Problem details: In the listing below, the lines starting with the line with "Elektryczna frytownica FORGAST" and going on through the line with "En el reporte" are to be reproduced exactly, and only those.

Input records:
--------

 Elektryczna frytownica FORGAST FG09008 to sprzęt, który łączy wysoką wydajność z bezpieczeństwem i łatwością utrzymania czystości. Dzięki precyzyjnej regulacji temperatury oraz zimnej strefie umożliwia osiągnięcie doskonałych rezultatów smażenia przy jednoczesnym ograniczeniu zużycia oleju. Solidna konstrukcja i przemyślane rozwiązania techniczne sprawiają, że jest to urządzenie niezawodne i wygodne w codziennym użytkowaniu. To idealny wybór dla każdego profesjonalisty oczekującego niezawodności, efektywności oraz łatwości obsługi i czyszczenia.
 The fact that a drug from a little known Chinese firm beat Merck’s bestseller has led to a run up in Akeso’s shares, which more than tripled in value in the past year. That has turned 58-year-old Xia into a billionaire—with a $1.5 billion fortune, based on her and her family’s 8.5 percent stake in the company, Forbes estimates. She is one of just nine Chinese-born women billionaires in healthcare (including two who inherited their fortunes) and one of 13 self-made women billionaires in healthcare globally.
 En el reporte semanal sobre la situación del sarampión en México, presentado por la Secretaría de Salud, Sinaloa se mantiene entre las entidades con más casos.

--------

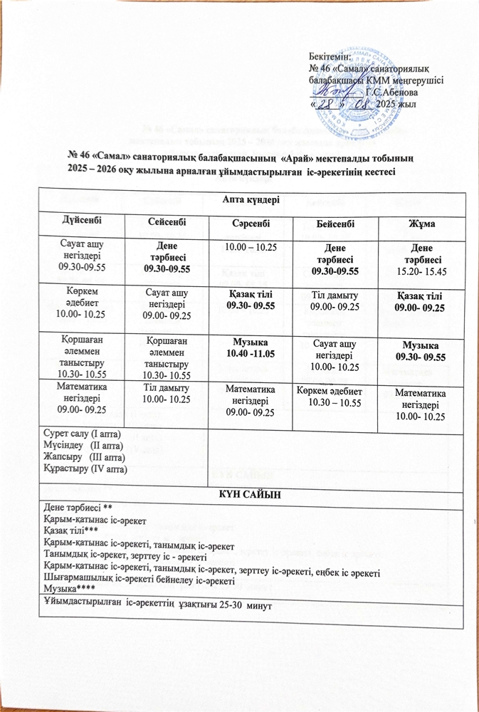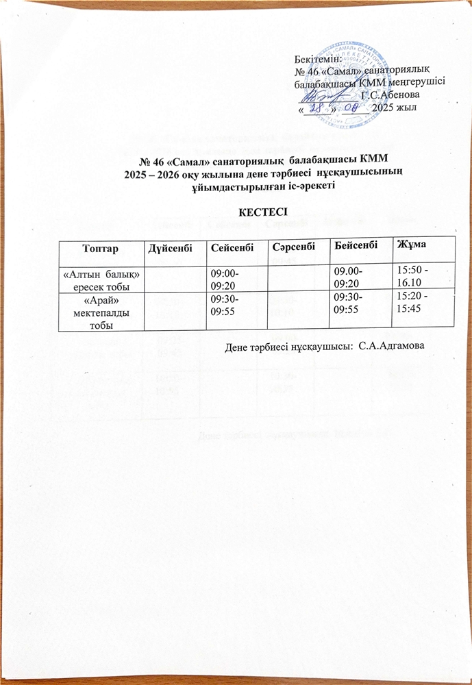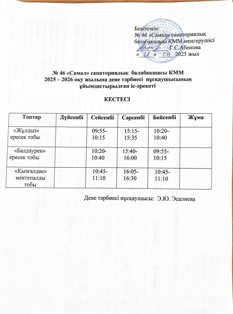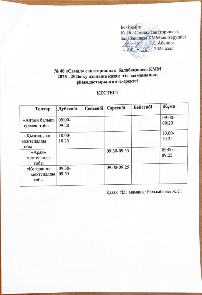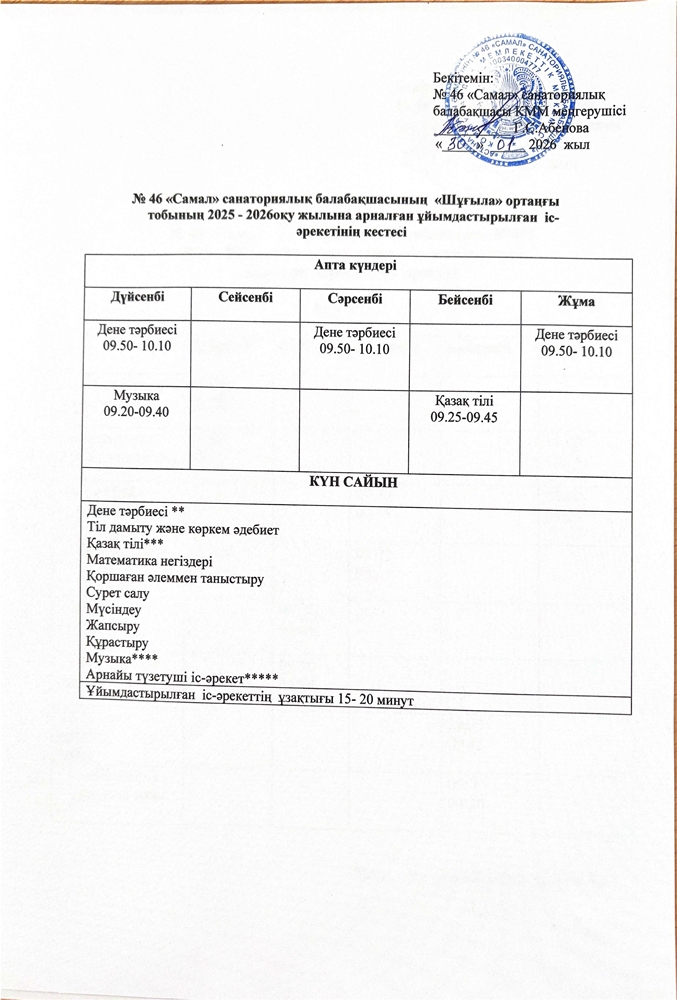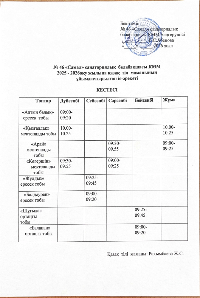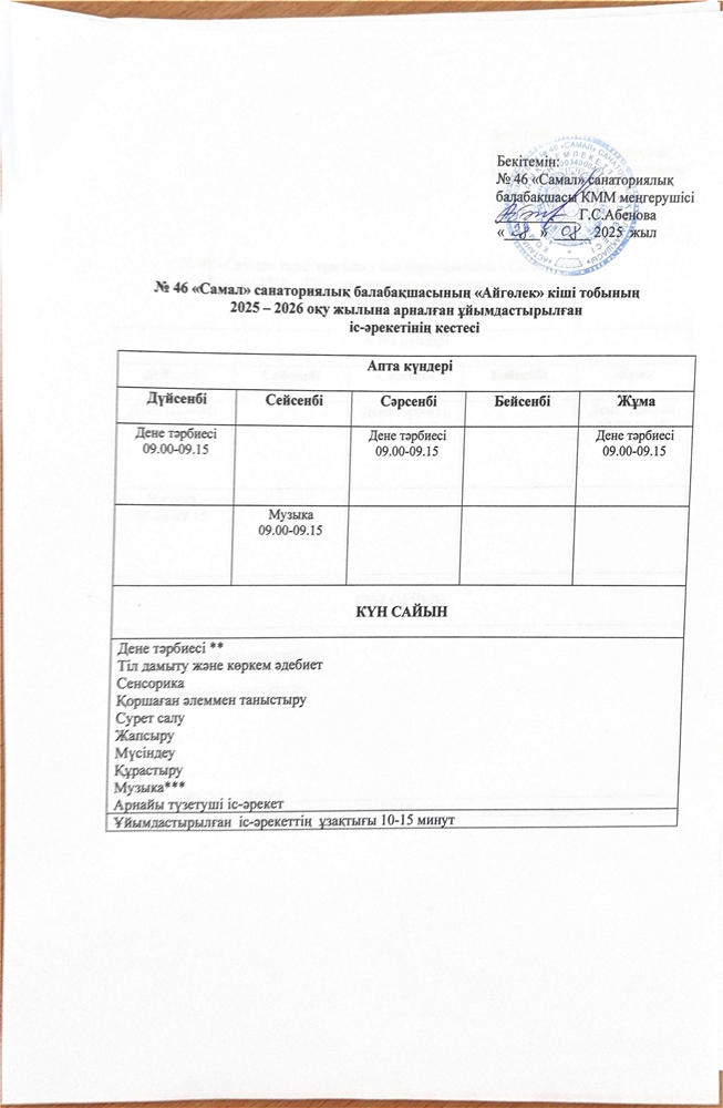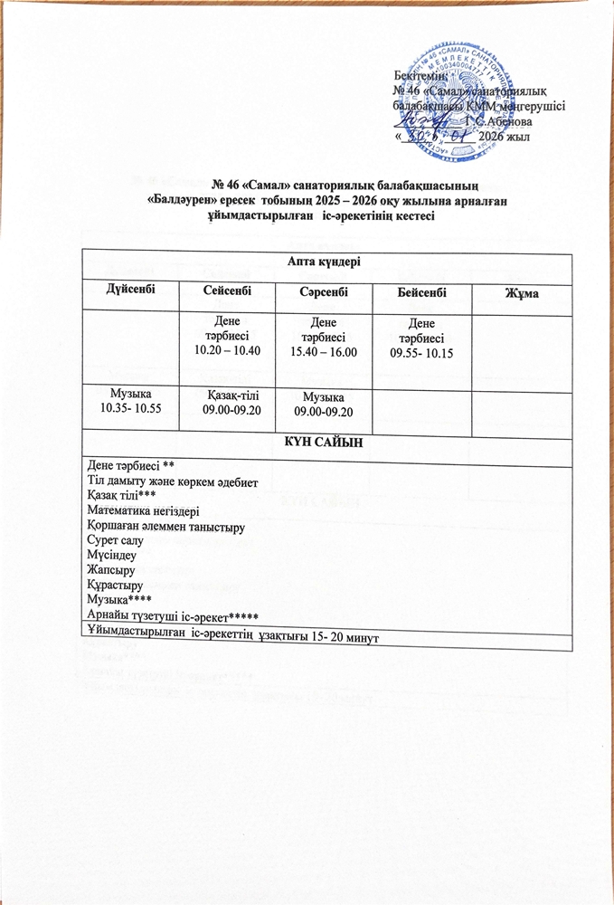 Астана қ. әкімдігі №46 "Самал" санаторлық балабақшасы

--------

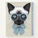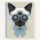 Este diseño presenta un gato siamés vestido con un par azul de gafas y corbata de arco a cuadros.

--------

Your solution:
 Elektryczna frytownica FORGAST FG09008 to sprzęt, który łączy wysoką wydajność z bezpieczeństwem i łatwością utrzymania czystości. Dzięki precyzyjnej regulacji temperatury oraz zimnej strefie umożliwia osiągnięcie doskonałych rezultatów smażenia przy jednoczesnym ograniczeniu zużycia oleju. Solidna konstrukcja i przemyślane rozwiązania techniczne sprawiają, że jest to urządzenie niezawodne i wygodne w codziennym użytkowaniu. To idealny wybór dla każdego profesjonalisty oczekującego niezawodności, efektywności oraz łatwości obsługi i czyszczenia.
 The fact that a drug from a little known Chinese firm beat Merck’s bestseller has led to a run up in Akeso’s shares, which more than tripled in value in the past year. That has turned 58-year-old Xia into a billionaire—with a $1.5 billion fortune, based on her and her family’s 8.5 percent stake in the company, Forbes estimates. She is one of just nine Chinese-born women billionaires in healthcare (including two who inherited their fortunes) and one of 13 self-made women billionaires in healthcare globally.
 En el reporte semanal sobre la situación del sarampión en México, presentado por la Secretaría de Salud, Sinaloa se mantiene entre las entidades con más casos.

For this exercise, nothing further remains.